Надо отдать мне должное: кажется, я хорошо держался. Во всяком случае, я не убежал, не заорал дурным голосом, не стал закатывать истерику. Просто стоял и не мигая смотрел на двухголового. Если честно, я терпеливо ждал, когда он исчезнет, как и положено всякому уважающему себя наваждению. Но он никуда не исчез, к моему величайшему разочарованию.
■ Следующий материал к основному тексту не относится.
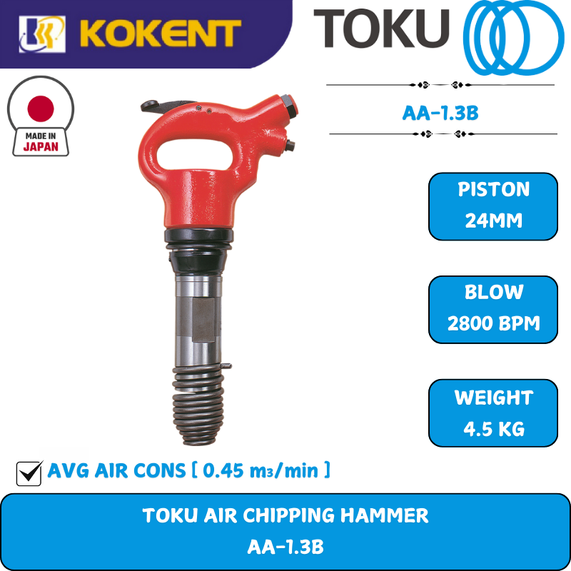 Toku AA1.3B (Made in Japan) is an air chipping hammer designed for general chiseling in construction worksites.

Вместо этого головы затеяли между собой спор: одна утверждала, что они целую вечность не видели своего лучшего друга Конма Таонкрахта, другая долдонила, что сие радостное событие имело место в их жизни чуть ли не позавчера.
– Кто это? – Наконец спросил я Таонкрахта, ткнув указательным пальцем в нашего дорогого гостя. Думаю, этот хамский жест как нельзя лучше согласовывался с моим демоническим имиджем.
– Это Гальт и Бэтэнбальд Ромрахты, наши соседи, владельцы замка Ромок и мои старинные друзья, – охотно объяснил он. – Не гневайся, что я не стал скрывать тебя от их глаз, Маггот! Эти ребята – проверенные люди. Мы прошли вместе через такое, что даже ты наверняка изумишься, если узнаешь нашу историю…
– Может быть и изумлюсь, – равнодушно согласился я. – Но почему они… он… почему эти братья так выглядят?
– Что ты имеешь в виду? – Искренне удивился Таонкрахт. – Они одеты как подобает знатному альганцу…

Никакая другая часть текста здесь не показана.